使用Groupby和滚动平均值填充DF中的NAN
我有一个看起来像这样的数据框,
d = {'date': ['1999-01-01', '1999-01-02', '1999-01-03', '1999-01-04', '1999-01-05', '1999-01-06'], 'ID': [1,1,1,1,1,1], 'Value':[1,2,3,np.NaN,5,6]}
df = pd.DataFrame(data = d)
date ID Value
0 1999-01-01 1 1
1 1999-01-02 1 2
2 1999-01-03 1 3
3 1999-01-04 1 NaN
4 1999-01-05 1 5
5 1999-01-06 1 6
我想使用滚动平均值(例如2)填充NAN,并将其扩展到具有多个ID和日期的DF。我尝试了这样的S.Th,但是需要很长时间,并且失败了,错误“无法加入没有重叠索引名称”
df.groupby(['date','ID']).fillna(df.rolling(2, min_periods=1).mean().shift())
或
df.groupby(['date','ID']).fillna(df.groupby(['date','ID']).rolling(2, min_periods=1).mean().shift())
I have a dataframe that looks like this
d = {'date': ['1999-01-01', '1999-01-02', '1999-01-03', '1999-01-04', '1999-01-05', '1999-01-06'], 'ID': [1,1,1,1,1,1], 'Value':[1,2,3,np.NaN,5,6]}
df = pd.DataFrame(data = d)
date ID Value
0 1999-01-01 1 1
1 1999-01-02 1 2
2 1999-01-03 1 3
3 1999-01-04 1 NaN
4 1999-01-05 1 5
5 1999-01-06 1 6
I would like to fill in NaNs using a rolling mean (e.g 2) and extend that to a df with multiple IDs and dates.
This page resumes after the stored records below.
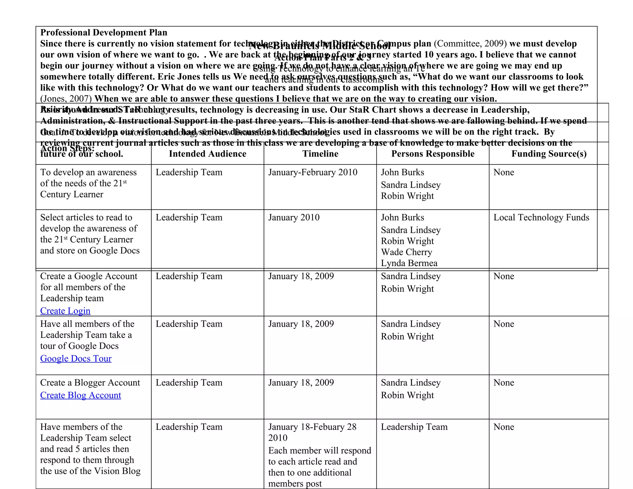 This document outlines a 3-phase professional development plan to develop a vision and increase the use of technology at New Braunfels Middle School. Phase 1 focuses on developing a technology vision through reading articles and blog discussions. Phase 2 improves teacher awareness of technologies through self-paced trainings and a staff development on technology integration. Phase 3 increases classroom technology integration through support from a district specialist, department meetings, and ongoing teacher support. Each phase includes action steps, timelines, responsibilities, and evaluation plans to measure outcomes like leadership team participation, training completion rates, and increased technology use in lesson plans.
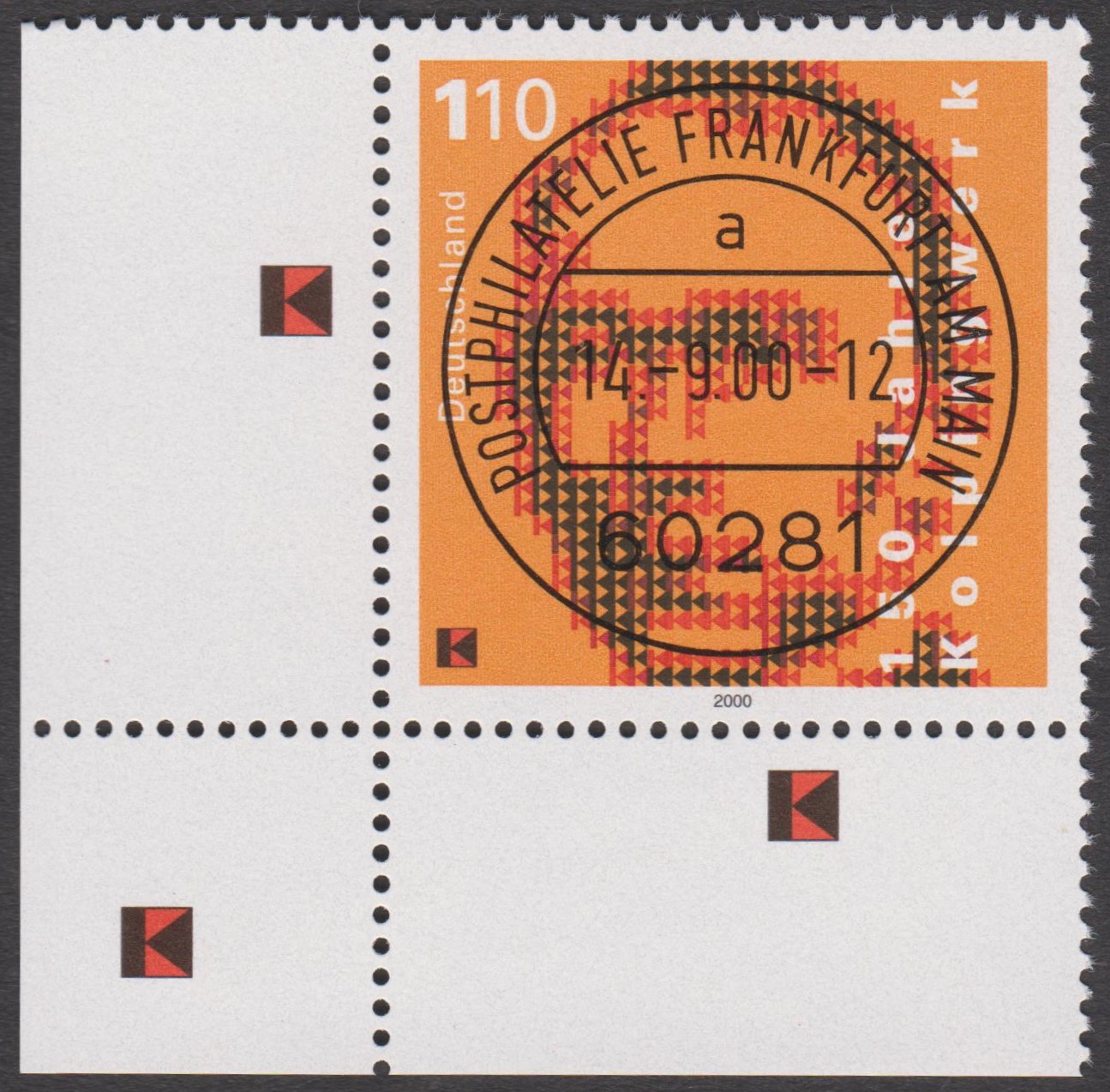Dieses Postwertzeichen gibt es mit dem auf Feld 10 bei einer Teilauflage vorkommenden Plattenfehler "Spitze des obersten roten Dreiecks rechts des Scheitels verdickt", katalogisiert als MiNr. 2135 I, hier auf dem ETB 38/2000:
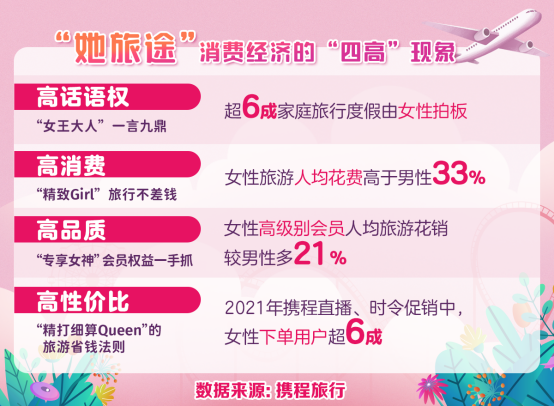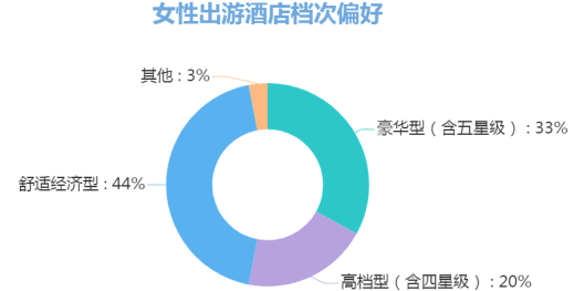 随着女性教育、收入水平提高带来的消费意识崛起,促使女性更加注重生活质量与品位。携程“她旅途”消费报告显示,女性旅游更舍得花钱。2021年女性为旅游支付的人均花费高于男性33%;超四成女性选择入住4星级以上酒店。
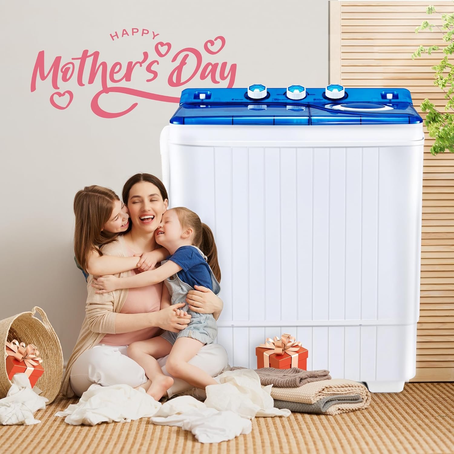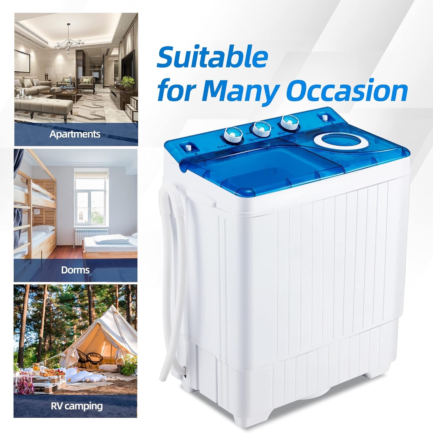 Portable Washing machine 26Lbs Capacity Mini Washer and Dryer Combo Compact Twin Tub Laundry Washer(18Lbs) & Spinner(8Lbs) with Built-in Gravity Drain,Low Noise for Apartment,Dorms,RV Camping, BLUE

I tried s.th like this but it takes a very long time and fails with the error "cannot join with no overlapping index names"
df.groupby(['date','ID']).fillna(df.rolling(2, min_periods=1).mean().shift())
or
df.groupby(['date','ID']).fillna(df.groupby(['date','ID']).rolling(2, min_periods=1).mean().shift())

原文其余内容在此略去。